FIG. 1 shows a partial tire meridional section of a pneumatic tire according to an embodiment of the present invention. FIG. 2 is a schematic diagram showing a stacked state of the carcass layer and the belt layer of the pneumatic tire according to the embodiment of the present invention.

  DESCRIPTION OF EMBODIMENTS Hereinafter, embodiments of the present invention (the following basic modes and additional modes 1 to 7) will be described in detail with reference to the accompanying drawings. Note that these embodiments do not limit the present invention. In addition, constituent elements of the above embodiment include those that can be easily replaced by those skilled in the art and those that are substantially the same. Furthermore, various forms included in the above embodiments can be implemented in any combination.

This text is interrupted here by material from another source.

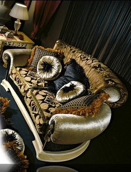 Sofa from Italian manufacturer Socci Anchise. The frame is made of solid wood of valuable breeds. Upholstery - textiles from the company portfolio. Filler - polyurethane foam. Sofa operetsja on the base of the tree. Massive arms wrapped. Style - Rococo.
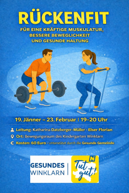 | Mo. | 19. - 23. | Rückenfit - für eine kräftige Muskulatur, bessere Beweglichkeit u. gesunde Haltung |

  First, terms used in the description of the embodiments are defined as follows. The tire radial direction means a direction orthogonal to the rotation axis of the pneumatic tire. The inner side in the tire radial direction means the side toward the rotation axis in the tire radial direction. The outer side in the tire radial direction means the side away from the rotation axis in the tire radial direction. The tire circumferential direction means a direction around the rotation axis as a central axis. The tire width direction means a direction parallel to the rotation axis. The inner side in the tire width direction means the side toward the tire equatorial plane CL in the tire width direction. The outer side in the tire width direction means a side away from the tire equatorial plane CL in the tire width direction. The tire equatorial plane CL means a plane that is orthogonal to the rotational axis of the pneumatic tire and passes through the center of the tire width of the pneumatic tire.

[Basic form]
Hereinafter, the basic form of the pneumatic tire according to the present invention will be described. FIG. 1 shows a partial tire meridional section of a pneumatic tire according to an embodiment of the present invention.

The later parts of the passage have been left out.